A menos de oito meses da realização da 31ª Conferência das Partes (COP31), em Antália, na Turquia, o embaixador André Corrêa do Lago, à frente da presidência brasileira no espaço multilateral da ONU para ação climática, trabalha para concluir a elaboração de dois importantes “mapas do caminho” (roadmaps). Um deles visa o fim do desmatamento global e o outro, a transição energética para longe dos combustíveis fósseis. Ambos são cruciais para uma queda expressiva nas emissões de gases de efeito estufa.

O embaixador destacou que a COP31, embora organizada pela Turquia, terá a presidência da negociação pela Austrália, e que há um esforço conjunto para garantir que os legados da COP30, realizada em Belém, sejam plenamente absorvidos na preparação do evento na Turquia.

Fase de implementação e o papel dos roadmaps

Corrêa do Lago ressaltou que as COPs entram em uma nova fase, a de implementação, onde a negociação continua, mas o foco se volta para a efetividade das ações. “Temos que fazer o máximo, no pouco tempo que a ciência nos diz que temos”, afirmou.

A iniciativa do “mapa do caminho” para a transição energética foi lançada pelo presidente Lula. Embora a Colômbia tenha liderado um encontro sobre o tema, o embaixador esclareceu que a liderança da ideia é brasileira. Ele explicou que a proposta visa implementar uma decisão de Dubai (COP28), que mencionou a ideia de transição.

Desafios na discussão de energia e a posição dos EUA

O embaixador apontou o impacto econômico e geopolítico como um dos principais obstáculos para o avanço da agenda climática, especialmente no tema de energia. “Você acaba tendo a discussão energética muito dividida entre várias entidades e essa dificuldade de discutir energia leva a várias consequências”, explicou.

Sobre a posição dos Estados Unidos, Corrêa do Lago observou que o governo americano atual parece focado em manter o status quo da produção energética tradicional, com uma forte ligação à geopolítica do petróleo e gás. Em contraste, a China tem apostado claramente na transição energética.

A busca por minerais críticos e terras raras pelos EUA, segundo o embaixador, pode ter interpretações diversas, desde a necessidade de domínio sobre esses materiais até a manutenção de vantagens competitivas.

Outras prioridades e o financiamento climático

Além dos roadmaps, a presidência brasileira foca em completar a estrutura de financiamento climático para US$ 1.3 trilhão ao ano.
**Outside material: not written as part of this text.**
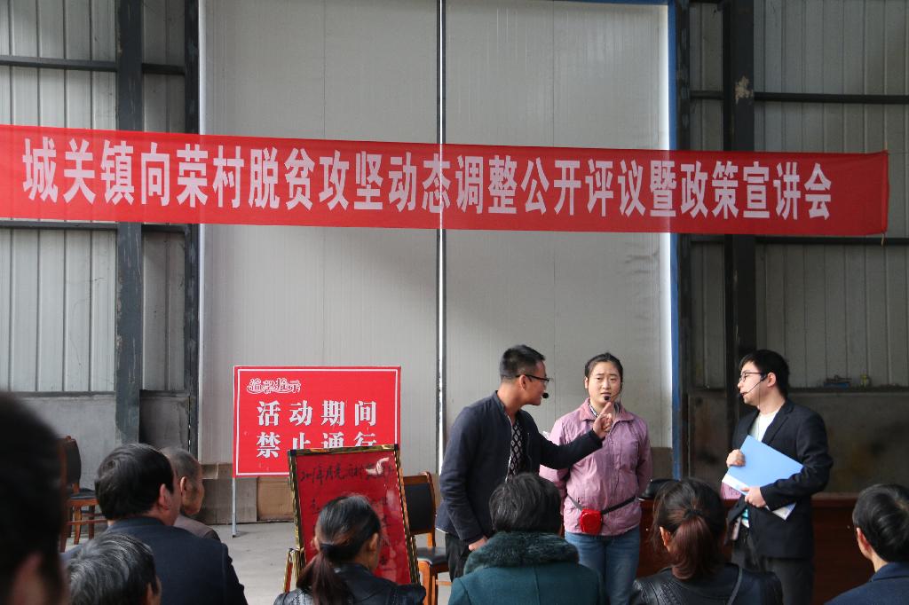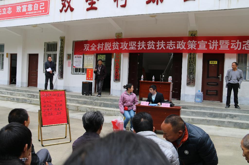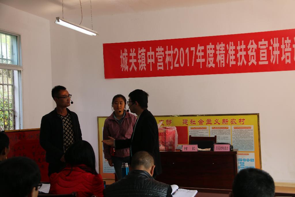 政治与社会发展学院学生张岳、周伟、晏小雪、周凌玉4名同学向4镇6村的群众表演了我校自编自演的小品——《扶贫路上》,小品反映了月亮湾大学生村官在精准识别扶贫户时发生的一系列故事,村民李小菊女儿大学毕后取掉了贫困户,想给村民委员会主任送酒想补上贫困户,爱打麻将单身大龄青年李铁树提着麻将问村民委员会主任,30岁单身为何评不上贫困户,作品生动刻画了当前农村扶贫工作中的现实问题,向群众宣传了党和政府的扶贫方针与政策,对与会的群众起到了积极的教育作用。

O objetivo é aprimorar os números e as fontes de recursos para os países em desenvolvimento, buscando maior clareza e confiança no processo de negociação.

O Acelerador, uma iniciativa para ir além da negociação e acelerar a implementação do Acordo de Paris, também é uma prioridade. O tema da adaptação e o fortalecimento da Agenda de Ação, iniciada na COP30 de Belém, também estão no centro dos esforços, visando torná-la um instrumento mais eficaz de implementação.

A dificuldade em quantificar o fluxo de financiamento climático e separar o que vai para clima e biodiversidade foi admitida. O embaixador mencionou o trabalho com o IHLEG (Grupo Independente de Especialistas de Alto Nível em Mudanças Climáticas) e um Conselho de Economistas criado para a COP30 para esclarecer esses números, essenciais para a construção de confiança e consenso.